Another highlight of our unique programs is the experiential Tu B’Shvat learning at Camp Alonim. We take our K-6 Graders to an environment that has the same eco-system as Israel and engage our entire school community in various hands-on activities outdoors at the magnificent Brandeis-Bardin Campus. This is truly the embodiment of “teaching by doing”. In this way, the big ideas of Tu B’Shvat of caring for our environment, preserving nature and continuing God’s work of creation are learned not only through textbooks but through planting saplings, hiking and learning about plants, engaging in Teva (nature) scavenger hunts, and immersing in the beauty all around to be able to appreciate nature’s gifts to us.
This will be our second annual Tu B’Shvat trip to Camp Alonim and although we heard positive feedback from teachers, students and parents on how valuable this day was, it wasn’t until we had to cancel the trip last year due to weather, that we realized the impact this experiential learning had on our students. This year, we look forward to creating more memories and connecting deeply with our commitment to taking care of this earth Midor L’Dor-from generation to generation.
Often former students of Stephen S. Wise Temple Elementary School come to visit and reminisce about their favorite Jewish holiday performance and upon their recollection they immediately break into a song, a dance, or a speaking part they still remember. I love those moments because, in essence, this is exactly what we want to instill in our children-an enduring love and affection towards Judaism.
Director of Hebrew/Judaic Studies
This week has been a flurry of activity for teachers and students. Teachers worked hard all day Tuesday on report cards, meeting with administrators one-on-one, and planning as grade levels. Students came back Wednesday to present long term projects, rehearse for Tu B’Shvat, and jump back into math, reading, science and social studies. We are particularly proud of our 3rd Graders for their incredible talent and diligence in preparing their Tu B’Shvat performance. Our 4th Graders have been demonstrating scholarly behavior as they explore the relationship between structures of power and change in California History and delve in to the Mission period. In 6th Grade, some students presented architectural designs as they integrated their understanding of proportion, measurement and percentage. First Graders presented their community worker projects and demonstrated knowledge of the tools, actions, language and responsibilities of members of different disciplines. Second Graders explored the ethical issues and different perspectives of the Civil Rights Movement and the legacy of Martin Luther King, Jr.

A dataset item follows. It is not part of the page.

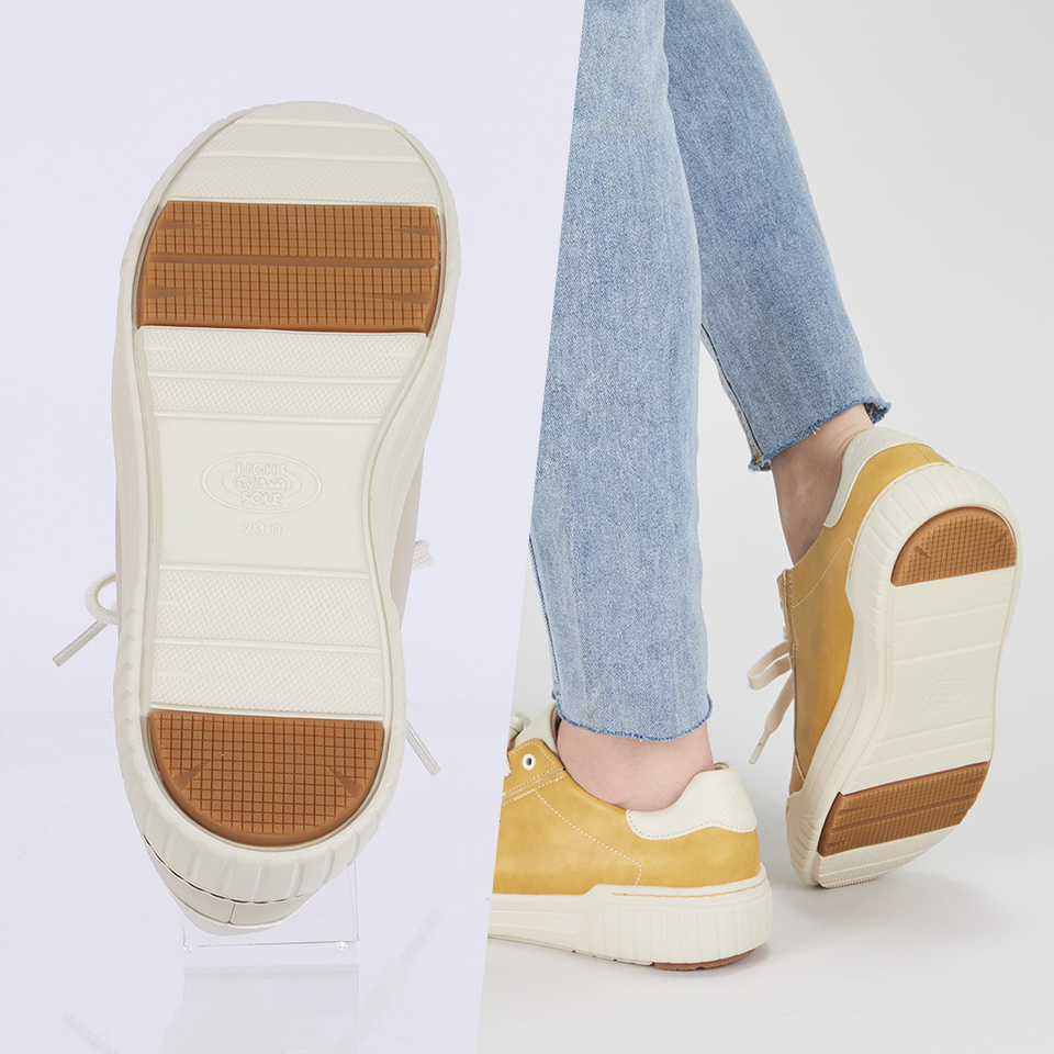象徴的なコロンとしたソールには、EVA素材にラバーを独自配合した高耐久ソール「ライトエバーソール®」を採用。軽量性と耐久性を高いレベルで両立し、日常の歩行から長時間の外出まで、安定感のある履き心地で足元をしっかりとサポートする。さらに接地面には滑り止めゴム素材をプラスし、グリップ力を高めることで雨上がりの路面でも安心して歩ける設計とした。こうした耐久設計は数値でも裏付けられており、摩耗試験ではEVA部分で基準値の1.6倍、ラバー部分では3倍以上の耐摩耗性能を記録。毎日履くことを想定した一足として、長く安心して使える耐久性を備えている。

We continue to work on finding commonalities across the subject areas using Universal Themes such as power, change, systems, patterns and structures. Students are beginning to make interdisciplinary connections and apply critical thinking skills throughout the curriculum. We look forward to delivering report cards to 6th Grade at the end of the month and to K-5 by February 14. It has been amazing to see the growth in individual students this year, as well as the maturity of whole classes. Their academic, emotional and spiritual development is evidenced in thoughtful work, and is something in which teachers, students and parents should take great pride.